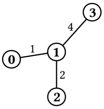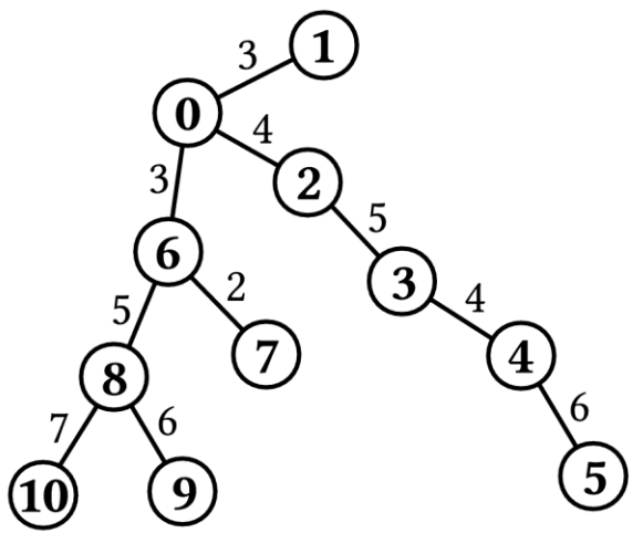 파타야 인근 지역에는 N 개의 도시가 있고 N-1 개의 고속도로가 이 도시들을 연결하고 있다. 각 고속도로는 양방향이며 서로 다른 두 개의 도시를 연결한다. 각 고속도로의 길이는 킬로미터 단위로 나타내며 정수 값이다. 그리고 임의의 두 도시는 직접 고속도로로 연결되지 않더라도 단 하나의 경로에 의해 연결된다. 즉, 같은 도시를 두 번 이상 방문하지 않고 한 도시에서 출발하여 다른 도시에 도착하는 방법은 유일하다.
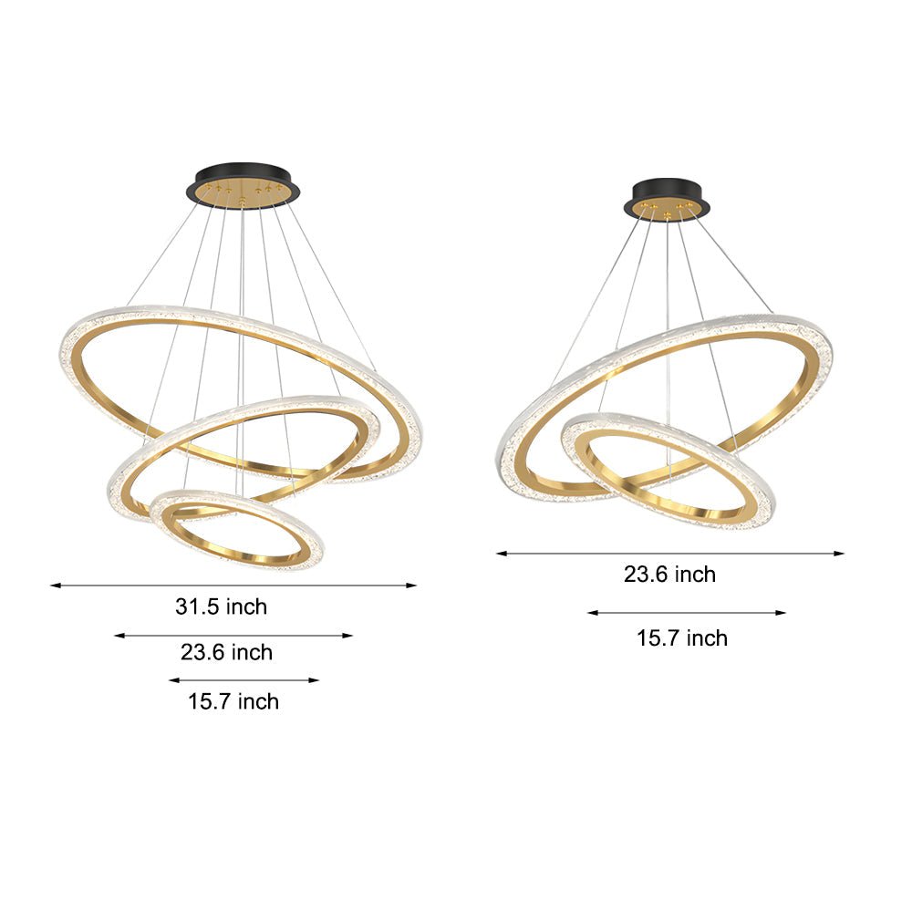 - This ring chandelier features a robust construction from metal and acrylic materials, ensuring durability, rust resistance, and high light transmittance. The integrated light source offers three color temperatures, designed to provide flicker-free and glare-free illumination for enhanced visual comfort. This lighting fixture is also designed for ease of cleaning and offers a long operational lifespan.
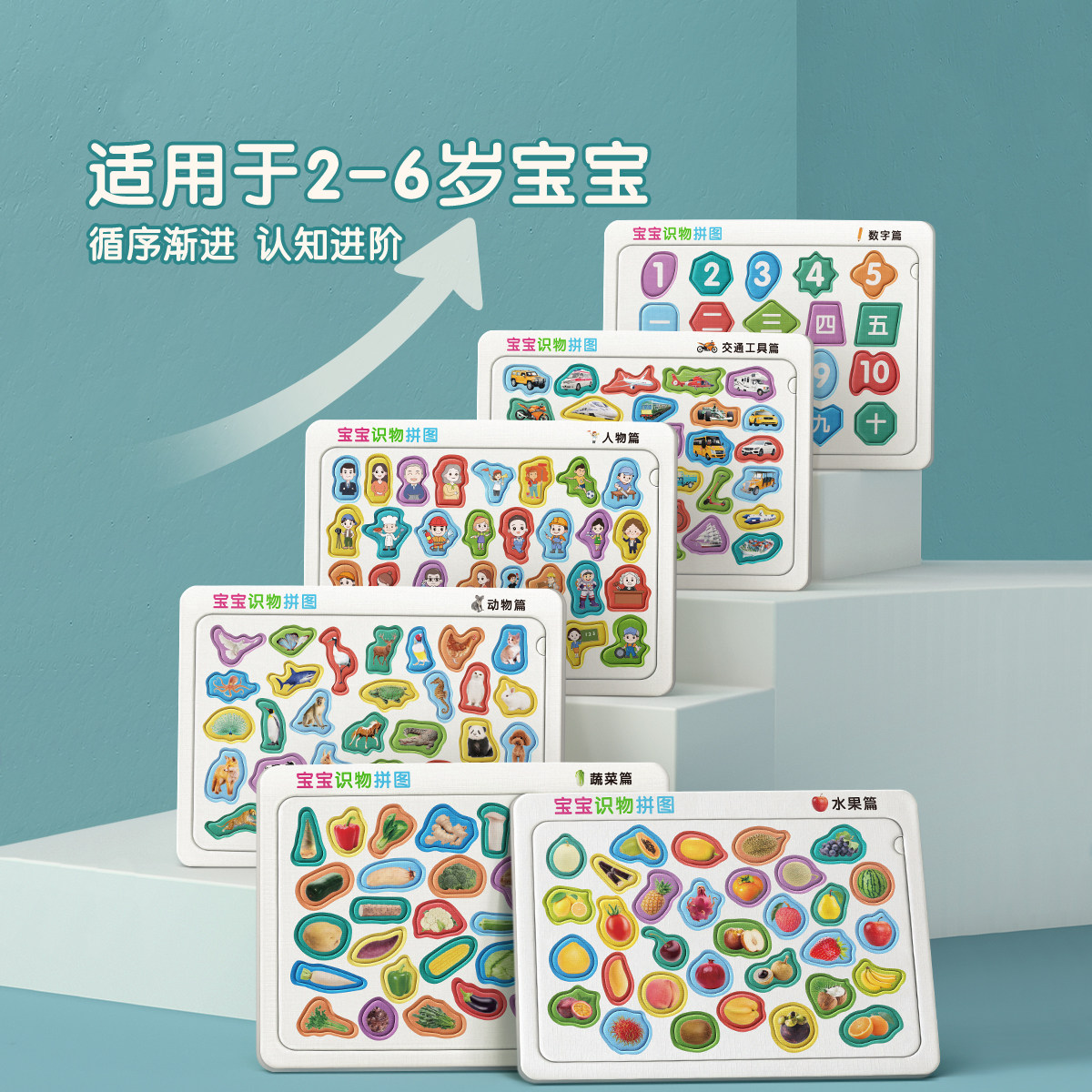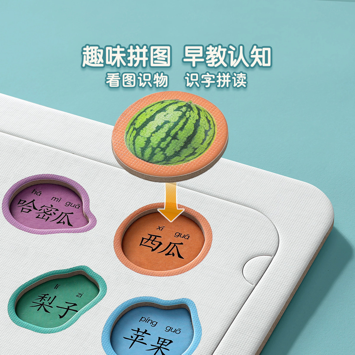宝宝识物拼图2-3到6岁益智儿童看图识字卡片男孩早教认知水果玩具
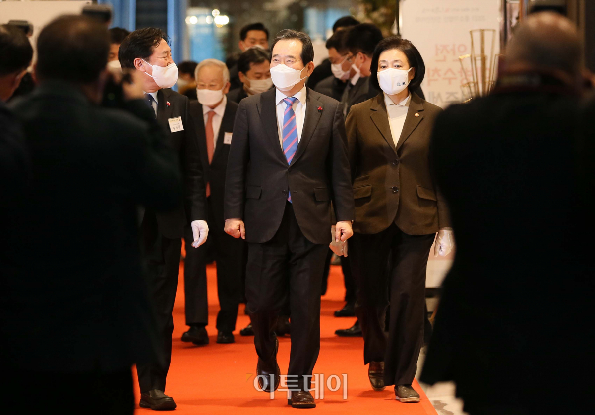 19일 오후 서울 여의도 중소기업중앙회에서 열린 중소기업인 신년 인사회에 정세균 국무총리와 박영선 중소벤처부장관이 입장하고 있다. 국회사진취재단
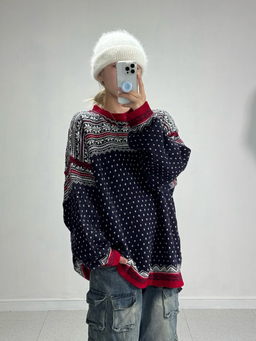 •겨울분위기 낭낭한 아방니트에요! 네이비,레드,화이트 조합=❤️
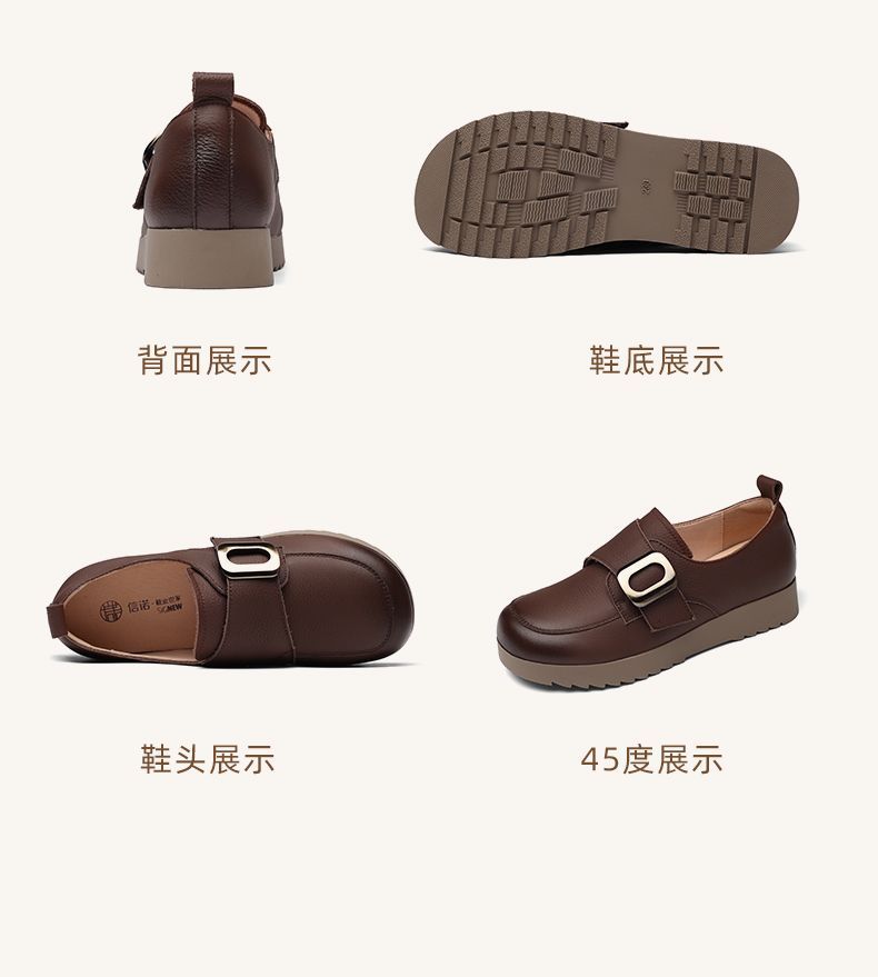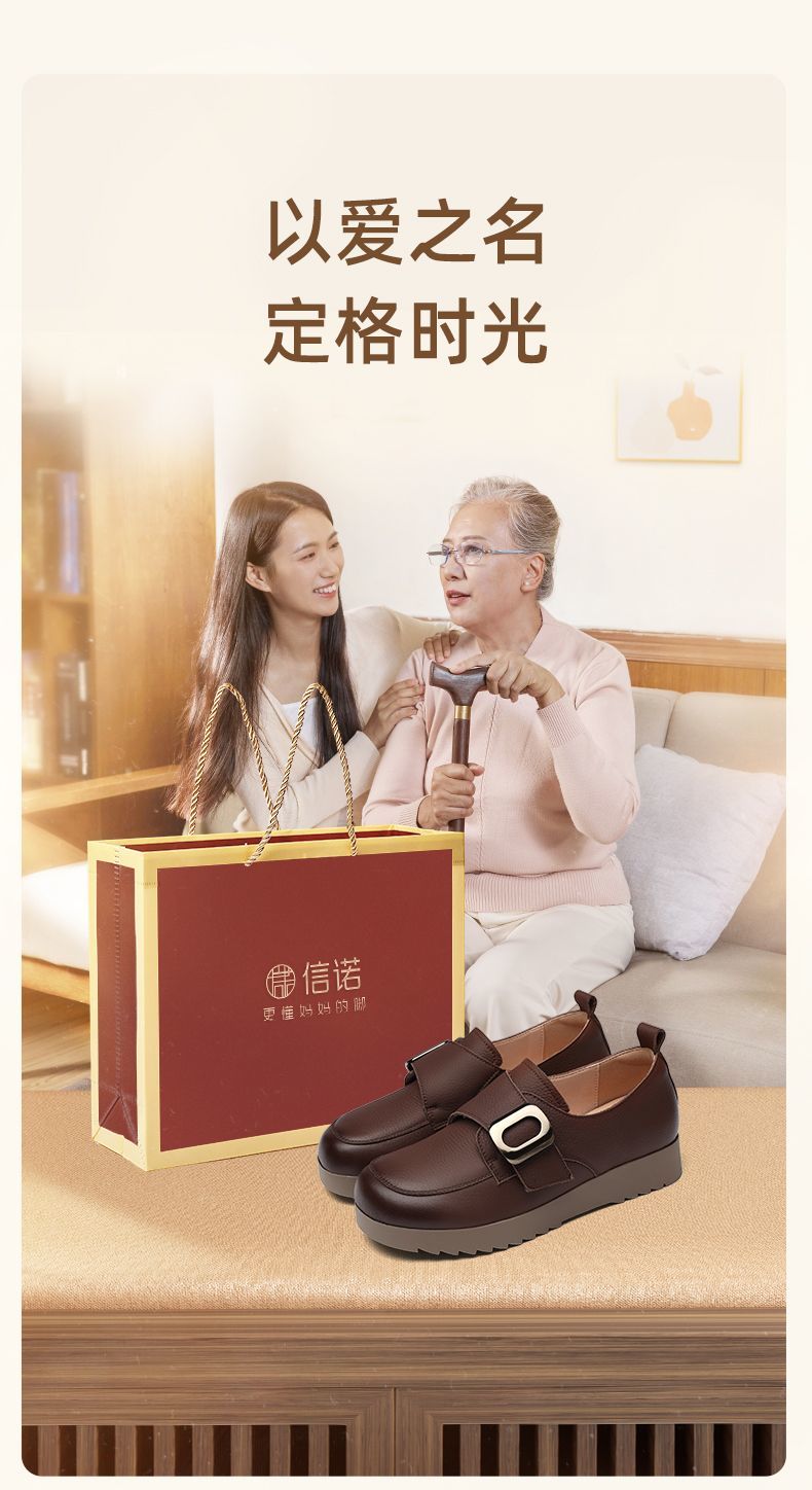 信诺真皮妈妈鞋子中老年软底单鞋女士休闲鞋平底皮鞋2025新款秋季5Q1033-6
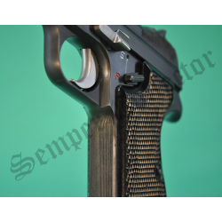 - Bei dieser P 210-6 „Precosse“ mit der Nummer P58095 für dieses Modell von 1955/56 ist die Abzugsbügelplatte seitlich an das ursprüngliche Fabrikgehäuse geschraubt und die betreffende Schraube wird vom linken Griff verdeckt,
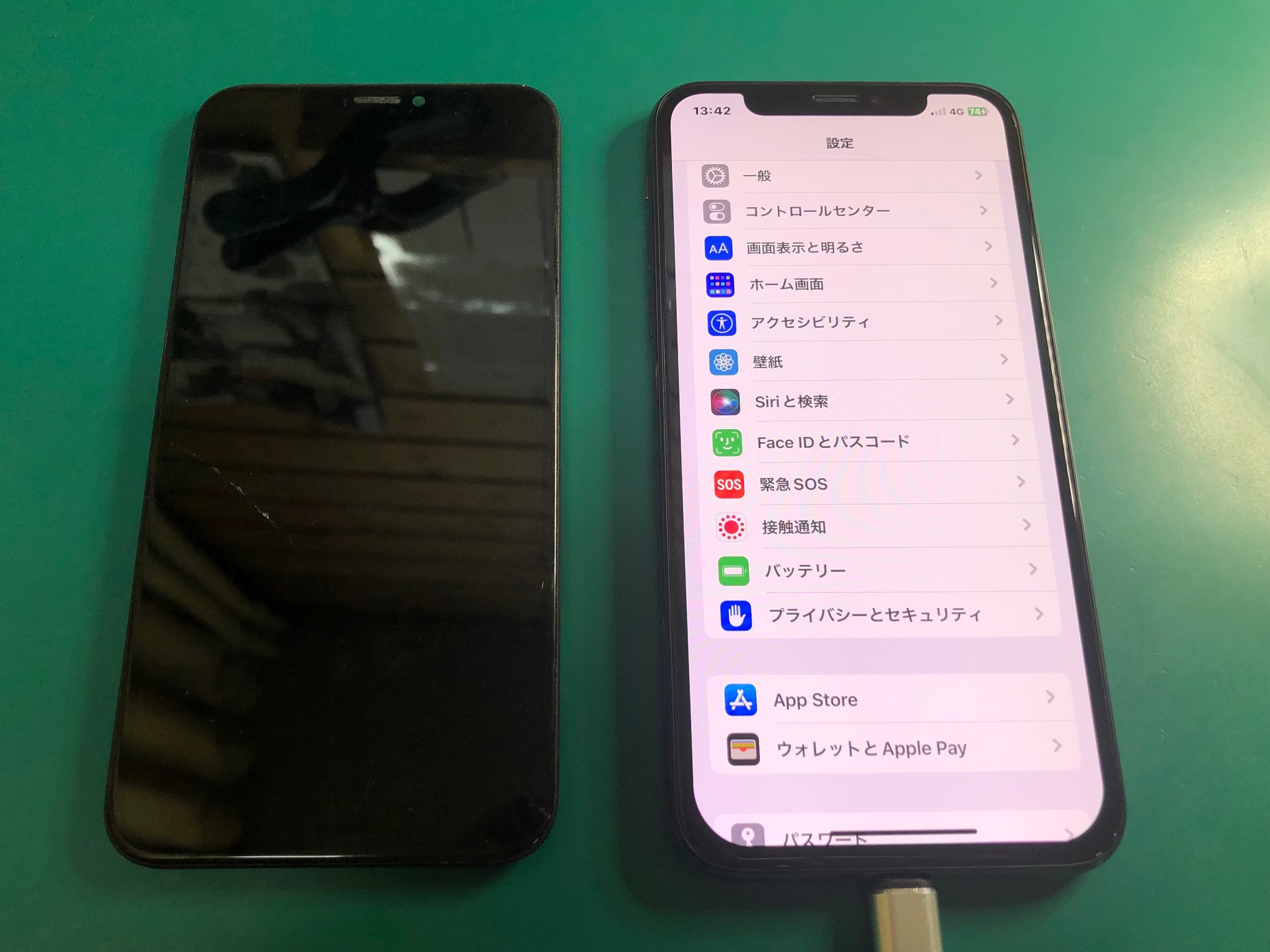 有機EL画面の交換後は、見た目もきれいになってタッチも快調に。

■ ■ ■ ■ ■ ■ ■

§ WHAT THE TASK ASKS:
Pictures aside, restate all of the entries exactly.

§ ANSWER FOR THE TASK:
 파타야 인근 지역에는 N 개의 도시가 있고 N-1 개의 고속도로가 이 도시들을 연결하고 있다. 각 고속도로는 양방향이며 서로 다른 두 개의 도시를 연결한다. 각 고속도로의 길이는 킬로미터 단위로 나타내며 정수 값이다. 그리고 임의의 두 도시는 직접 고속도로로 연결되지 않더라도 단 하나의 경로에 의해 연결된다. 즉, 같은 도시를 두 번 이상 방문하지 않고 한 도시에서 출발하여 다른 도시에 도착하는 방법은 유일하다.
 - This ring chandelier features a robust construction from metal and acrylic materials, ensuring durability, rust resistance, and high light transmittance. The integrated light source offers three color temperatures, designed to provide flicker-free and glare-free illumination for enhanced visual comfort. This lighting fixture is also designed for ease of cleaning and offers a long operational lifespan.
宝宝识物拼图2-3到6岁益智儿童看图识字卡片男孩早教认知水果玩具
 19일 오후 서울 여의도 중소기업중앙회에서 열린 중소기업인 신년 인사회에 정세균 국무총리와 박영선 중소벤처부장관이 입장하고 있다. 국회사진취재단
 •겨울분위기 낭낭한 아방니트에요! 네이비,레드,화이트 조합=❤️
 信诺真皮妈妈鞋子中老年软底单鞋女士休闲鞋平底皮鞋2025新款秋季5Q1033-6
 - Bei dieser P 210-6 „Precosse“ mit der Nummer P58095 für dieses Modell von 1955/56 ist die Abzugsbügelplatte seitlich an das ursprüngliche Fabrikgehäuse geschraubt und die betreffende Schraube wird vom linken Griff verdeckt,
 有機EL画面の交換後は、見た目もきれいになってタッチも快調に。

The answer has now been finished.